TPC (total polyphenol content)

TPC was determined spectrophotometrically according to the method presented by Singleton and Rossi [22]. An aliquot of 20 µl of BS extract was mixed with 100 µl of FCR and left in the dark for 3 min (at ambient temperature). Then, 300 µl of 20% Na2CO3 was added, and filled with distilled water up to a volume of 2 ml. The sample was incubated in a dark place for 2 h at room temperature. Absorbance readings were taken at 765 nm against a blank sample (prepared in the same manner with 20 µl of extraction solvent instead of BS extract). The results were expressed as gallic acid equivalent (GAE) in mg per g of BS.

TFC (total flavonoid content)

TFC was assessed by means of the aluminum chloride method [23] as described previously [19]. Briefly, 100 µl of BS extract was mixed with 900 µl of 2% aluminum chloride in methanol and the absorbance was read at 415 nm, after 15 min of incubation in the dark at ambient temperature. Pure methanol was used as a blank sample. The results were expressed in mg of quercetin equivalent (QE) per g of BS.

TEAC assay

The radical scavenging capacity of extracts was assessed by the TEAC (Trolox Equivalent Antioxidant Capacity) assay [24] with some modifications [25]. The ABTS•+ radical cation was generated by mixing 7 mM ABTS in water with 2.45 mM potassium disulphate at a ratio of 2:1. To produce radicals the mixture was left in the dark at ambient temperature for 12–16 h. Then, the ABTS•+ solution was diluted with PBS (phosphate buffer saline), pH 7.4 to an absorbance of 0.7 (± 0.01). Next, 990 µL of ABTS•+ solution was mixed with 10 µL of BS extract and, after 6 min of incubation in the dark (ambient temperature), the decrease in the absorbance of the mixture was measured on a Cary 1E spectrophotometer (Varian, Belrose, Australia) at 734 nm against the blank sample (ABTS•+ solution with solvent). The results were expressed as the TEAC values in micromolar concentrations (µmol) per g of BS.

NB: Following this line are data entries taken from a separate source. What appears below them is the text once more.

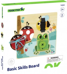 Die fröhliche Holz-Aktivtafel von TOOKY TOY hilft Kindern, Feinmotorik, Hand-Auge-Koordination und alltagspraktische Fähigkeiten zu trainieren. Bunte Tierchen – Biene mit Schnalle, Marienkäfer mit Schnürsenkel und Frosch mit Knopf – motivieren zum spielerischen Lernen. Außerdem gibt es einen Sortierer, bei dem Kinder die Tiere dem richtigen Platz zuordnen.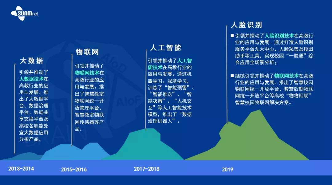 2014-2015年,在大數據技術領域,推出了AIoD大數據平臺、AIoD數據治理平臺、AIoD數據共享交換平臺及高校各職能處室大數據應用分析產品。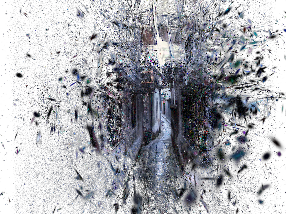 3DGS at 50% gradient descent training, covariance matrix and displacement modified. Michael Just, 2024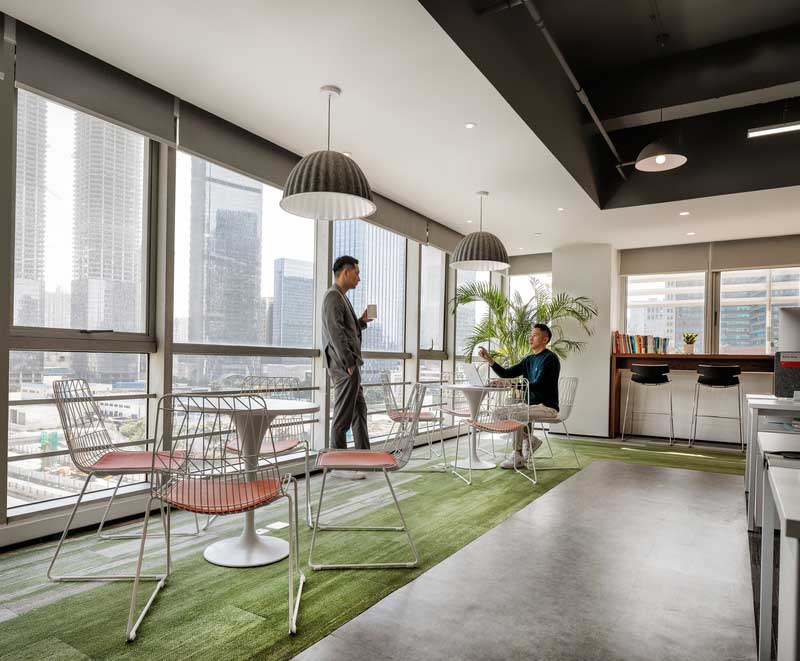 無論在開放的工位或是休閑區,城市景觀一覽無余,以模糊邊界的姿態讓室內空間與自然環境交融,提供了良好的采光及視野,給予了工作生活舒適的視覺體驗。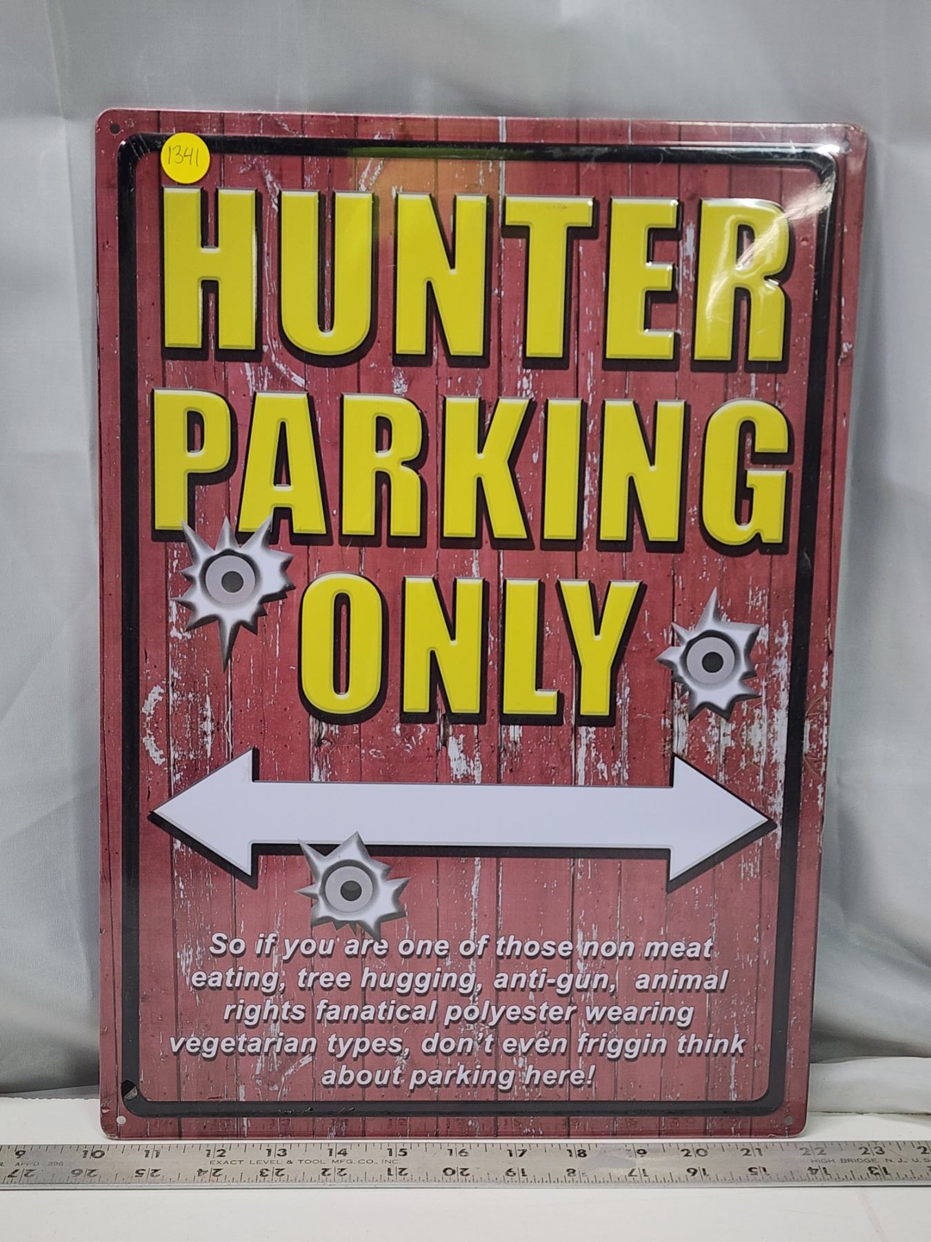 "Hunter parking" tin sign, sealed in plastic - 12"x17"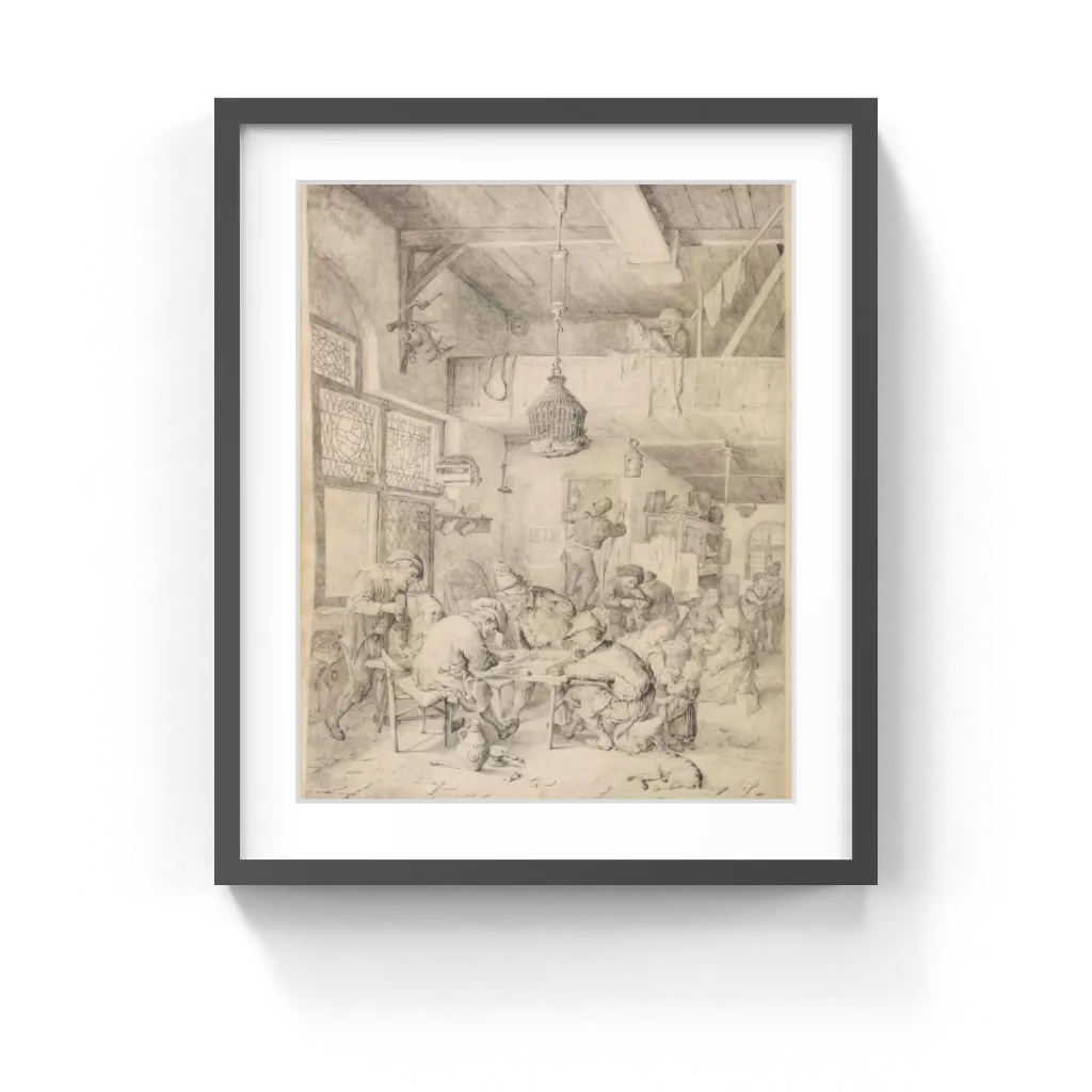 Cornelis Dusart (Dutch, 1660–1704) The delicate draftsmanship in this drawing forms an interesting contrast to a coarse subject: a tavern in which peasants engage in bawdy behavior. A handful of rough looking men gather to play backgammon, while others sit around, immensely enjoying their smoking tobacco. Men, women, and even children drink beer. Couples fondle one another in the more secluded spaces of a corner or balcony.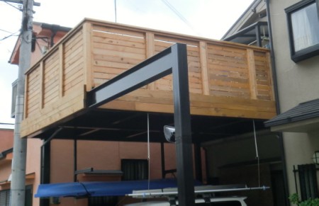 今回からの施工例は、当店で施工されたお客様でまだ更新されていないお宅を調査してのアップとなりました。このお客様は、私が当店に存在しない頃のガレージデッキとなります。材質はアメリカンレッドシダーで塗装色は、スプルースだと思います。もし間違ってたら申し訳ありません。塗装色は、色見と比べても季節・塗装した際の気温などで変化するのでなかなか見分けがつきにくく塗装する人によっては様変わりしやすいのが現実です。もし定期的に塗り替えする方は、いつもどの時期どの具合で塗装していたか覚えておきましょう。なんだか、本日は、ちょっとした塗装講座になりましたが、これで失礼致します。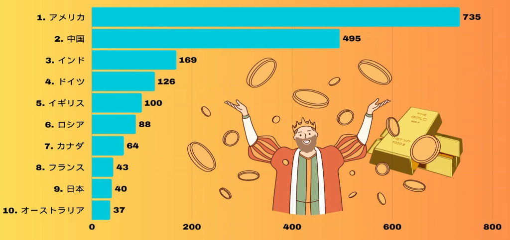 アメリカと中国が圧倒的な存在感を示していますが、日本も約40人の超富豪を輩出しており、アジア諸国の中では一定の存在感を放っています。今後はスタートアップ支援やオープンイノベーションの加速によって、この数字がどこまで伸びるかが注目されます。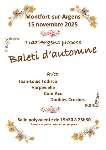 Date : 15/11/2025 (Événement passé) Horaires : 19h30 à 23h30 Tarifs : 8€ avec une boisson Organisateur : TRAD'ARGENS Adresse de l'événement : SALLE POLYVALENTE 18 GRANDE RUE 83570 MONTFORT SUR ARGENS Informations complémentaires : Animation : Jean-Louis Todisco, Harpevielle, Com'Aco, Double-Croches. Petite restauration et buvette. Danses pratiquées : Danse folklorique Référence de l'annonce : 54340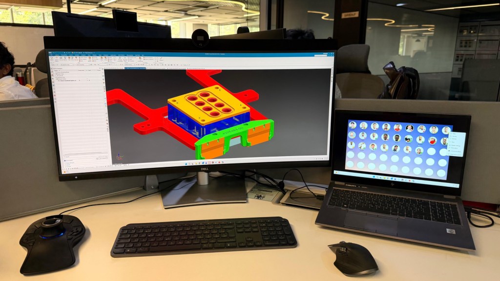 Seit heute hat Cliff endlich einen Monitor an der Arbeit, nachdem er die letzten 3 Monate seine Konstruktionen immer auf dem kleinen Laptop-Bildschirm machen musste.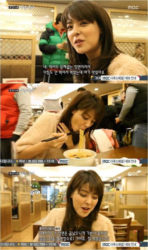 후지이 미나는 11일 방송된 MBC 다큐프로그램 ‘휴먼다큐 사람이 좋다’에서 시트콤 촬영 중에 나온 짬뽕을 먹었다.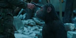 Des Weiteren gibt es zwei Sequenzen, die interessant sind. In einer sind Caesar, Maurice, Rocket und ein Gorilla unterwegs, weil sie nach dem von Woody Harrelson gespielten Colonel suchen. Als sie auf einen Menschen treffen, der zu seiner Waffe greift, erschießt Caesar ihn. Maurice findet daraufhin das stumme Mädchen des Mannes und beschließt, es mitzunehmen. Die Sequenz zeigt sehr schön, dass Caesar nach zwei Jahren des Kampfes – so viel später nach dem zweiten Teil setzt dieser Film ein – härter und kompromissloser geworden ist, dass er sein Mitgefühl aber noch nicht ganz verloren hat.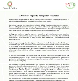 To receive our white paper, Activism and Negativity – its Impact on Consultation please email ConsultOnline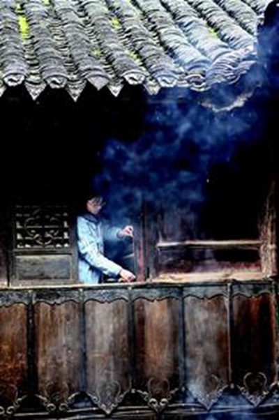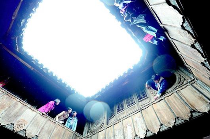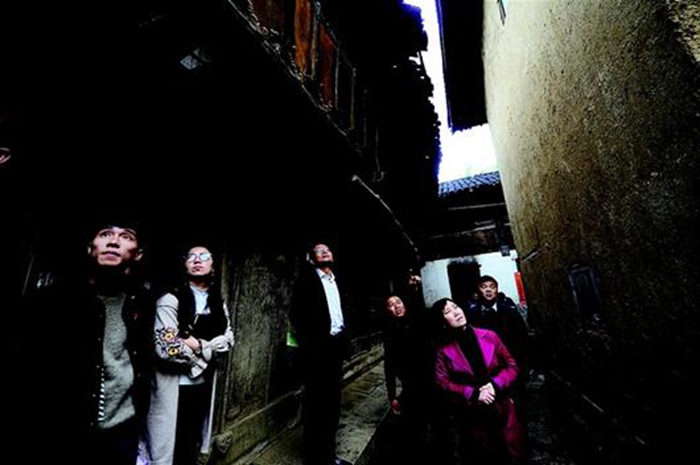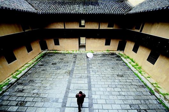 图为:村民从板桥乡公所天井内穿过,他们对古村落的未来充满期待。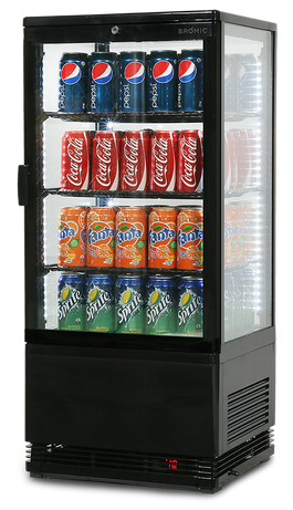 Bromic's CT0080G4B Flat Glass 78L LED Countertop Beverage Chiller perfectly combines display and cold storage functions all in one. Thanks to purpose-designed ventilation guards and a highly efficient fan-forced motor, the cabinet is cooled evenly. This mechanism ensures that soda, water, juice, and all other beverages for sale are chilled to perfection. This versatile chiller can easily be mounted on any flat space.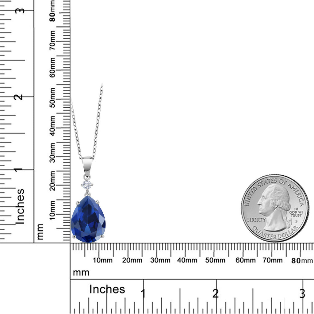 STRIKING BLUE SIMULATED SAPPHIRE: Centering this exquisite pendant is a pear-shaped 16X12MM blue simulated sapphire, totaling an impressive 10.30 Cttw. This vibrant gemstone offers the mesmerizing beauty of sapphires, making it a stunning focal point that captures the essence of sophistication and elegance.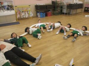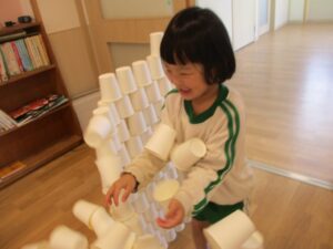 年長まつ組さんは年長児らしい集中力を求めて、紙コップを使った遊びを行いました。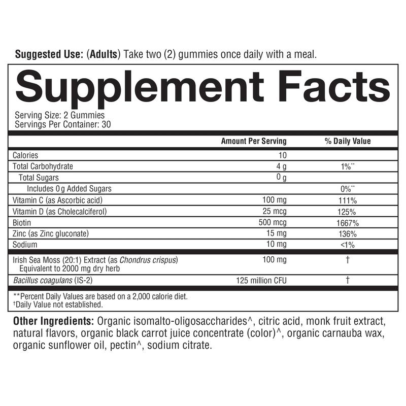 Product IngredientsCalories Total Carbohydrate Total Sugars 10 4 g 0g 1% Includes 0g Added Sugars Vitamin C Vitamin D Biotin Zinc Sodium Irish Sea Moss (20:1) Extract Equivalent to 2000 mg dry herb Bacillus coagulans (IS-2) 125 million CFU Percent Daily Values are based on a 2,000 calorie diet. Other Ingredients: Organic isomalto-oligosaccharides,citric acid,monk fruit extract,natural flavors,organic black carrot juice concentrate (color)^,organic carnauba wax,organic sunflower oil,pectin^,sodium citrate.

DPPH radical scavenging capacity

The DPPH free radical-scavenging activity measurements were carried out spectrophotometrically at 515 nm according to the method presented by Sánchez-Moreno et al. [26]. Briefly, stable DPPH radicals (0.1 mmol) were generated in methanol. Then, an aliquot of 10 µl of BS extract was added to 990 µl of DPPH in methanol and mixed. The absorbance was read after 30 min of sample incubation in the dark using pure methanol as a reference. The DPPH radical scavenging activity of BS extract was expressed as a Trolox equivalent (TE) (µmol/g) calculated from the ratio of the slope of the linear plot for scavenging DPPH radicals by BS extract to the slope of the plot for DPPH radicals scavenging by the Trolox.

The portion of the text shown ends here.